This article presents a comprehensive overview of stock price prediction methods leveraging deep learning models. We begin by discussing the significance and challenges associated with predicting stock prices, highlighting the limitations of traditional methods and the emergence of deep learning as a promising alternative.

The article then delves into the key aspects of implementing deep learning for stock price prediction, breaking down the process into three fundamental stages: data preprocessing, feature extraction, and model construction.

In data preprocessing, we explore essential techniques like data cleaning, normalization, and smoothing to ensure data quality and consistency for model training.
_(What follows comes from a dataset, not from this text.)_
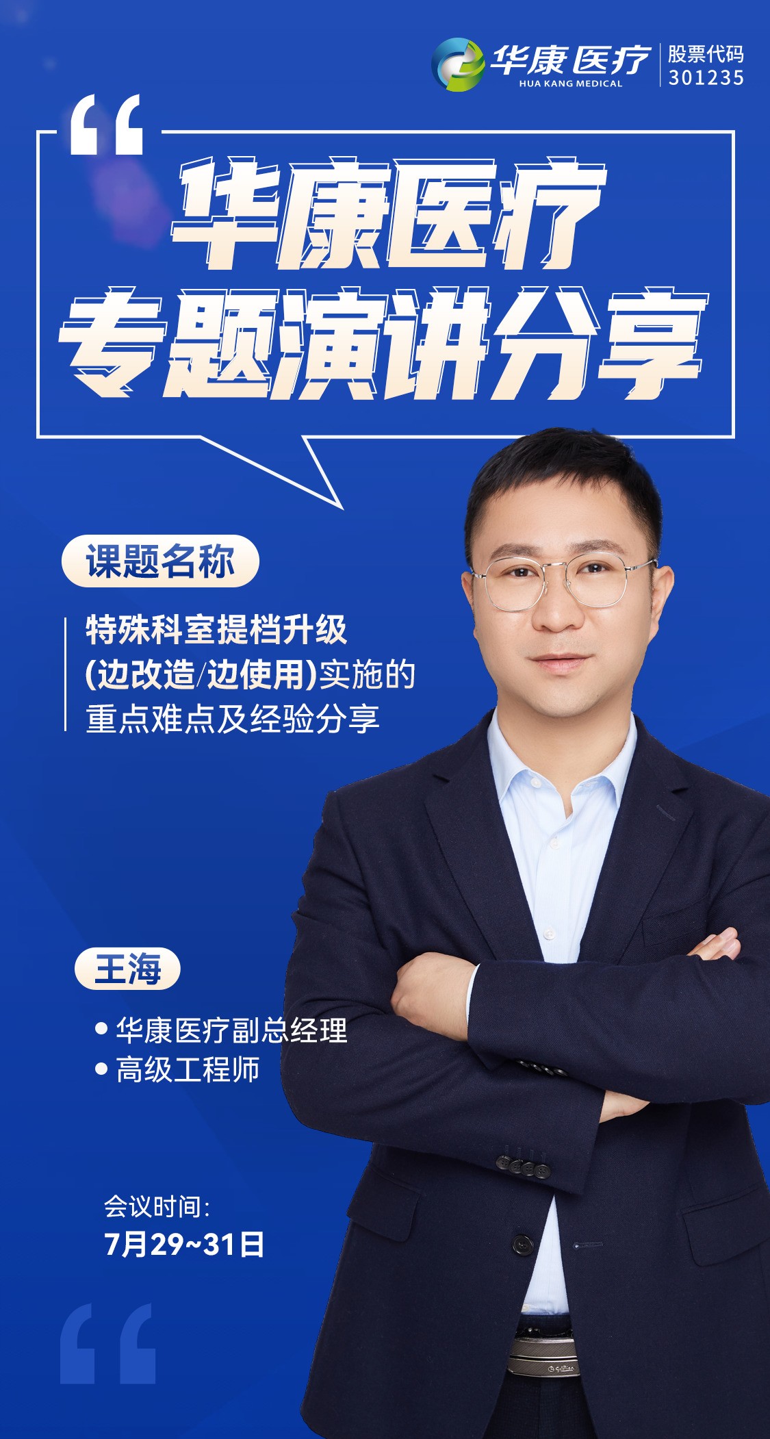 華康醫療是以醫療凈化為主業的創業板上市公司(股票代碼:301235),致力于解決醫院感染防控問題,為醫療機構提供醫療凈化系統設計,實施和運維一體化解決方案。作為大會支持單位,華康醫療將全程參與“智慧·體驗·賦能”建設智慧型醫療大健康產業新格局論壇,屆時華康醫療副總經理王海將為大家帶來《特殊科室提檔升級(邊改造、邊使用)實施的重點難點及經驗分享》的專題演講,共同探討現代醫療凈化領域的新技術、新方案。

Feature extraction encompasses the selection and engineering of relevant variables, including both technical indicators and fundamental indicators, crucial for predicting price movements.
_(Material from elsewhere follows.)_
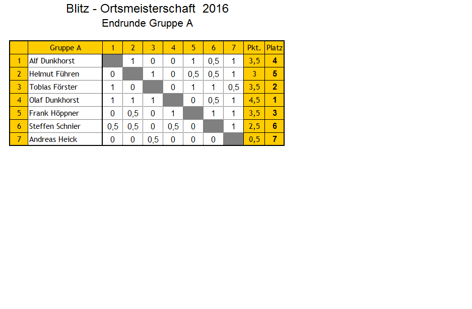 Am letzten Freitag (22.4.) fand die Blitz-OM bei den Erwachsenen statt. Bei einer sehr guten Beteiligung von 16 Personen konnte sich Olaf Dunkhorst vor Tobias Förster und Frank Höppner durchsetzen. Für Olaf war es der 50. Vereinsturniersieg!

Model construction involves the selection and implementation of deep learning architectures, specifically focusing on Convolutional Neural Networks (CNN), Long Short-Term Memory (LSTM) networks, and Deep Neural Networks (DNN). Each architecture offers unique capabilities and benefits for capturing temporal dependencies and complex patterns in financial data.

Finally, the article concludes by summarizing the advantages and limitations of deep learning-based stock price prediction models, comparing their performance against traditional methods. We also outline potential future research directions, focusing on areas like enhancing model robustness, incorporating external factors, and exploring novel deep learning architectures for improved accuracy and stability in stock price prediction.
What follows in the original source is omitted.